What the exercise asks: Of the lines below, write out exactly those from the line with "Tocino picado en cuadritos." through the line with "2013-2017 Nissan Rogue", both included, and skip the rest.

Supplied material:
-=-=-

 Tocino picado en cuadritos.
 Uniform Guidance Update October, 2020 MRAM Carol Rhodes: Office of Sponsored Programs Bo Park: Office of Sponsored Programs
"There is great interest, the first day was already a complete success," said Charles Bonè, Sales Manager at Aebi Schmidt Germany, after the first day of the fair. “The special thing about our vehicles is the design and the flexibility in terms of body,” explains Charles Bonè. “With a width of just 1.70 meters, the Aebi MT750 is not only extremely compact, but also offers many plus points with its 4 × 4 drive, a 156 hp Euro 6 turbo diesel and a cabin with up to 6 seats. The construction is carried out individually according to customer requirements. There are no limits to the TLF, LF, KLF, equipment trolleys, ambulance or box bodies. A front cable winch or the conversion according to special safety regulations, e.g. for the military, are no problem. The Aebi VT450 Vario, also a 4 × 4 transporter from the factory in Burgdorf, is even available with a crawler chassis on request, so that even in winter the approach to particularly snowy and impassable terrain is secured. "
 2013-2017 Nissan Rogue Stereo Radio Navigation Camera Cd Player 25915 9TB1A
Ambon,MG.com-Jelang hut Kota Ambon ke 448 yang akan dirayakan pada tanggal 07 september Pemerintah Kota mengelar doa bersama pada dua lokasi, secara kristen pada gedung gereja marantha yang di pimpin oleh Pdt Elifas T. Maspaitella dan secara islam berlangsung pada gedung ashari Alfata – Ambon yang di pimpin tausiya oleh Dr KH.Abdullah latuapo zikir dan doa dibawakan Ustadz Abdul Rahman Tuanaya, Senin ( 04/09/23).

-=-=-

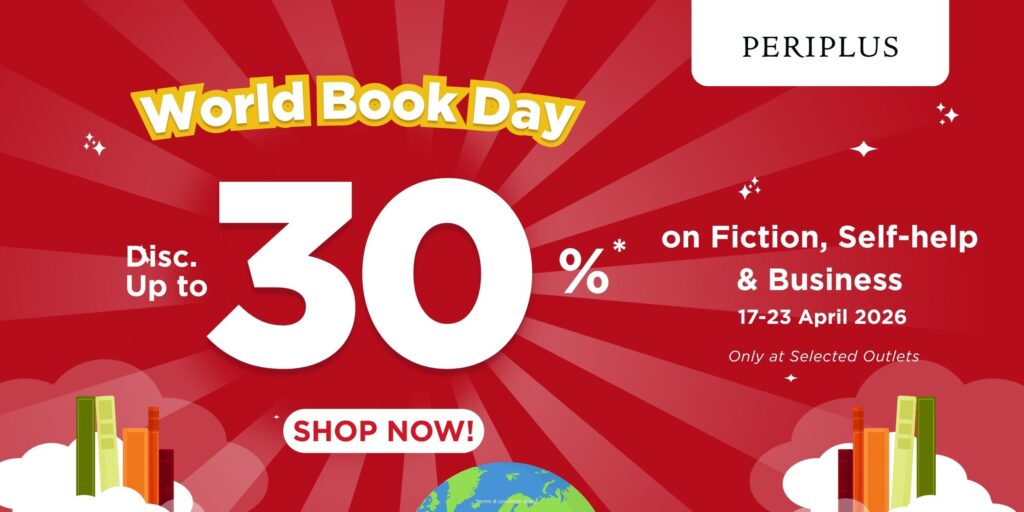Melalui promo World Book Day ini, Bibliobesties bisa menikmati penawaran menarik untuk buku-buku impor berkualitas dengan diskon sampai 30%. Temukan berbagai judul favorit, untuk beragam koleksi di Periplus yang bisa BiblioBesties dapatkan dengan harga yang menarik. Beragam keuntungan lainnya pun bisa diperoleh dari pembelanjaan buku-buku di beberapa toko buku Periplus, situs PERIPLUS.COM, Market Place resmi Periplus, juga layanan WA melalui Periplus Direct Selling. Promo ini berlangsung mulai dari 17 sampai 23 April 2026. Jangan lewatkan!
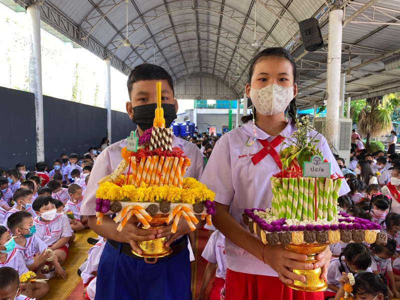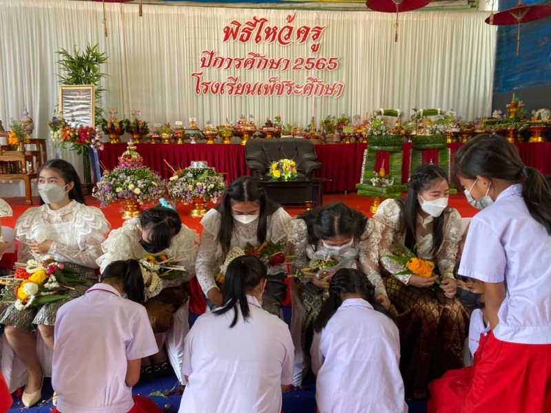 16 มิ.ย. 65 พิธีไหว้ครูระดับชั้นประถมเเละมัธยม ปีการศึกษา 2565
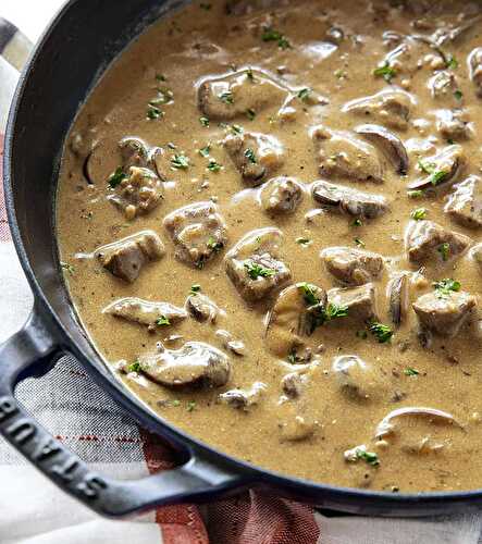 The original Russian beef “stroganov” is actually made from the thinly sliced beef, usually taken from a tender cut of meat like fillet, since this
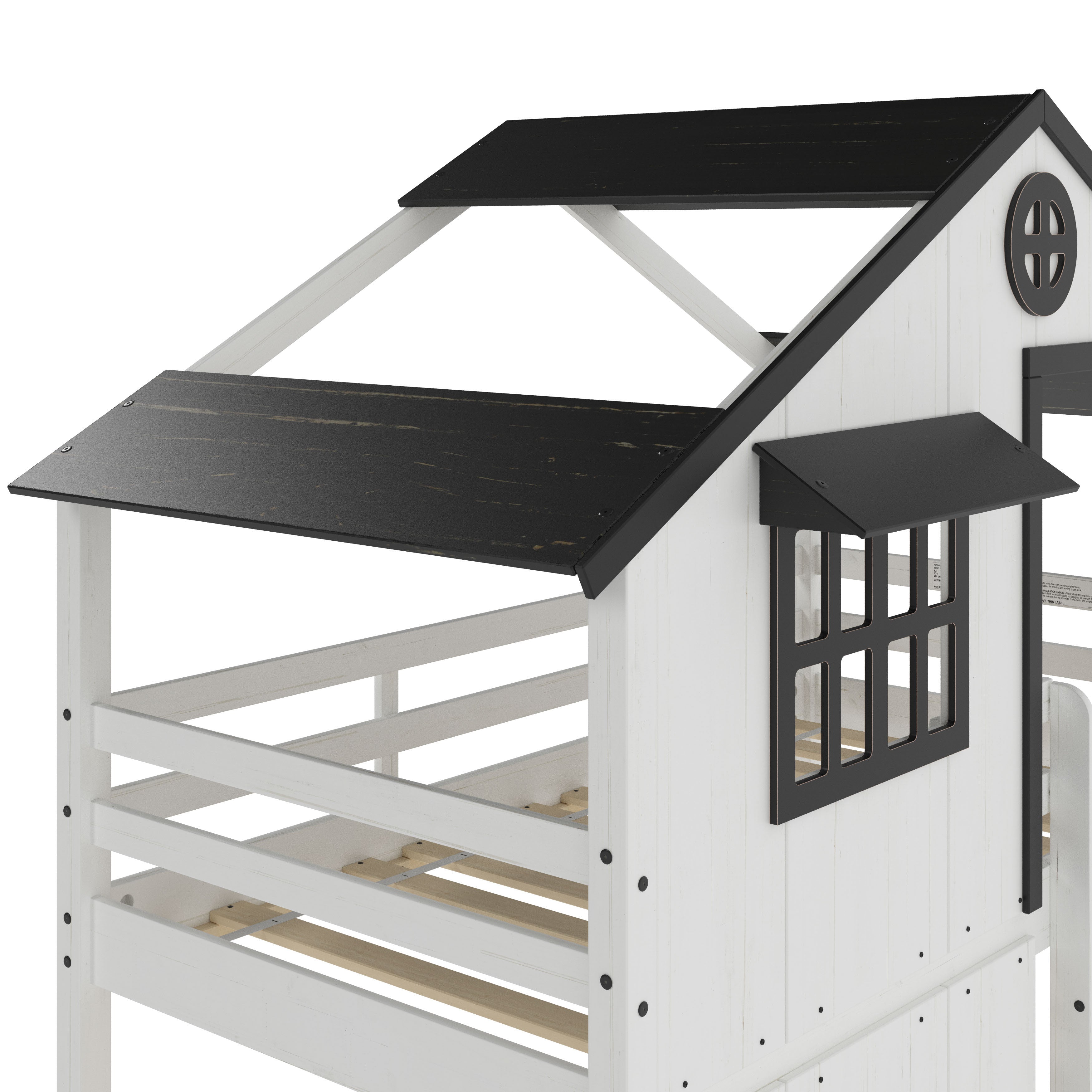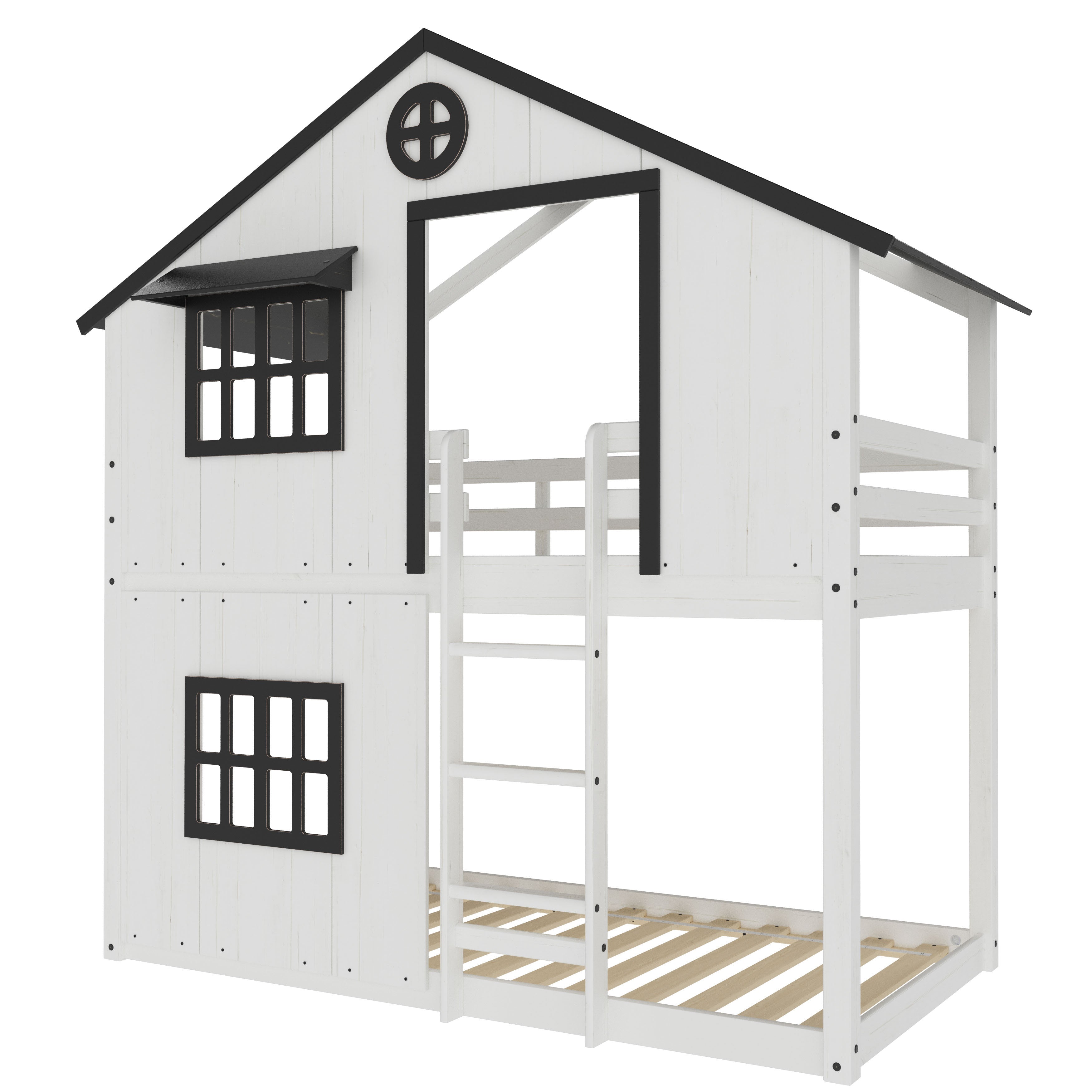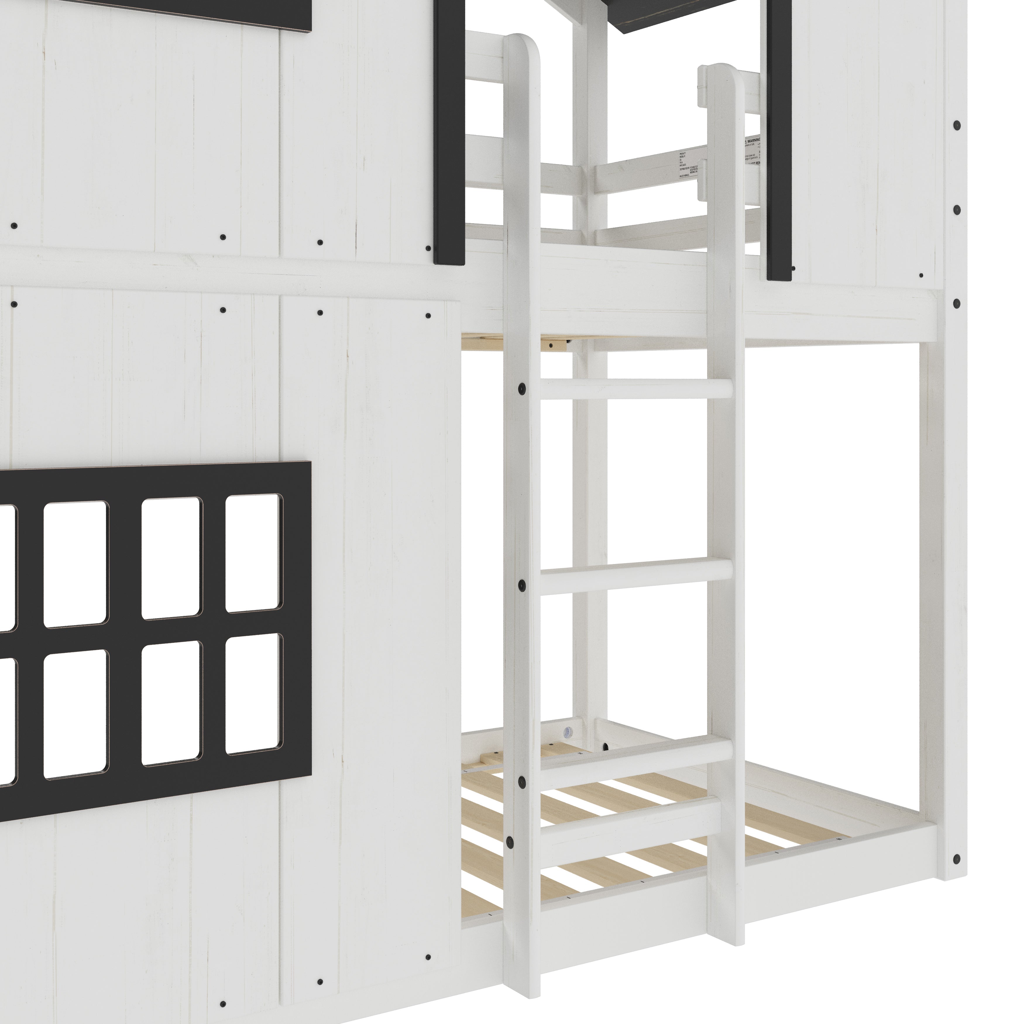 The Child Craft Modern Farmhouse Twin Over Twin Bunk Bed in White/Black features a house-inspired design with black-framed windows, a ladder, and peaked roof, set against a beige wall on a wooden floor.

-=-=-

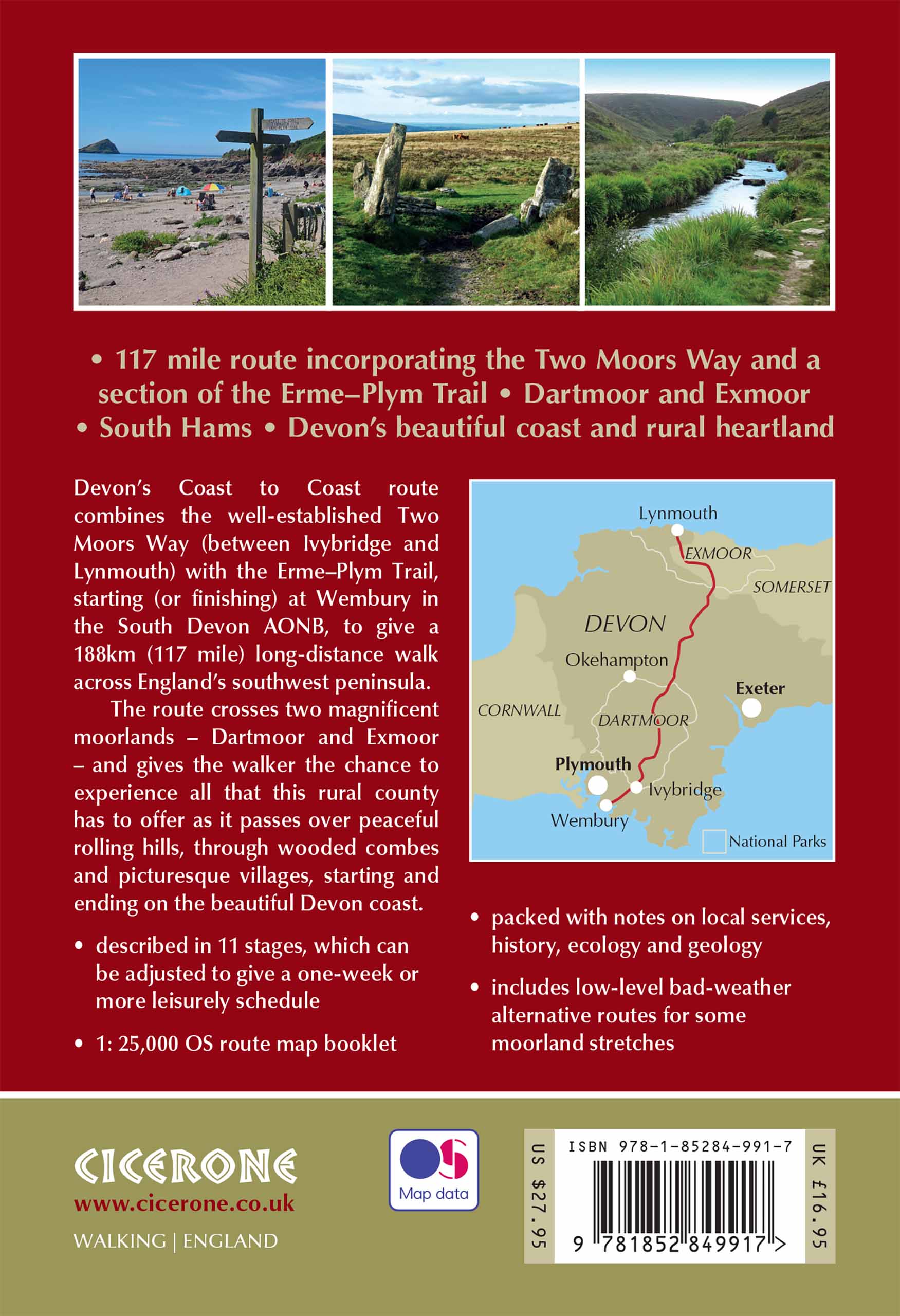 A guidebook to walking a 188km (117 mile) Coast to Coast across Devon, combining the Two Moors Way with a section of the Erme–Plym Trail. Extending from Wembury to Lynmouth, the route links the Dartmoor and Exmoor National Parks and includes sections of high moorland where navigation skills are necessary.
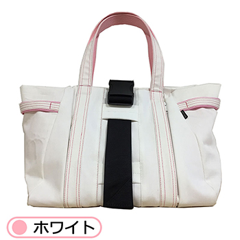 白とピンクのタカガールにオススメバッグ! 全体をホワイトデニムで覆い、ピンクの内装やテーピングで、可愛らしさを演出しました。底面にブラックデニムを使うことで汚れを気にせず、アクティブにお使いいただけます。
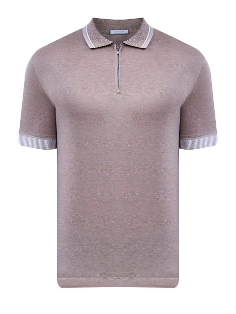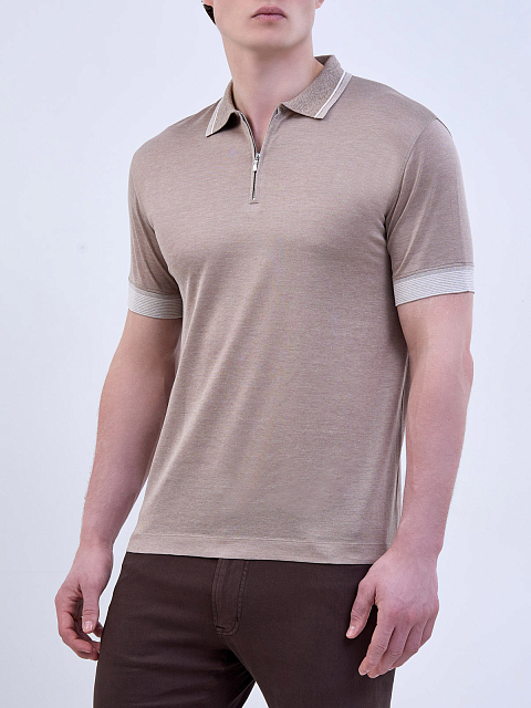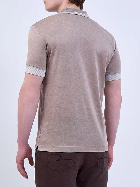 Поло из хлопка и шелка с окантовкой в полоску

-=-=-

Output of the task:
 Tocino picado en cuadritos.
 Uniform Guidance Update October, 2020 MRAM Carol Rhodes: Office of Sponsored Programs Bo Park: Office of Sponsored Programs
"There is great interest, the first day was already a complete success," said Charles Bonè, Sales Manager at Aebi Schmidt Germany, after the first day of the fair. “The special thing about our vehicles is the design and the flexibility in terms of body,” explains Charles Bonè. “With a width of just 1.70 meters, the Aebi MT750 is not only extremely compact, but also offers many plus points with its 4 × 4 drive, a 156 hp Euro 6 turbo diesel and a cabin with up to 6 seats. The construction is carried out individually according to customer requirements. There are no limits to the TLF, LF, KLF, equipment trolleys, ambulance or box bodies. A front cable winch or the conversion according to special safety regulations, e.g. for the military, are no problem. The Aebi VT450 Vario, also a 4 × 4 transporter from the factory in Burgdorf, is even available with a crawler chassis on request, so that even in winter the approach to particularly snowy and impassable terrain is secured. "
 2013-2017 Nissan Rogue Stereo Radio Navigation Camera Cd Player 25915 9TB1A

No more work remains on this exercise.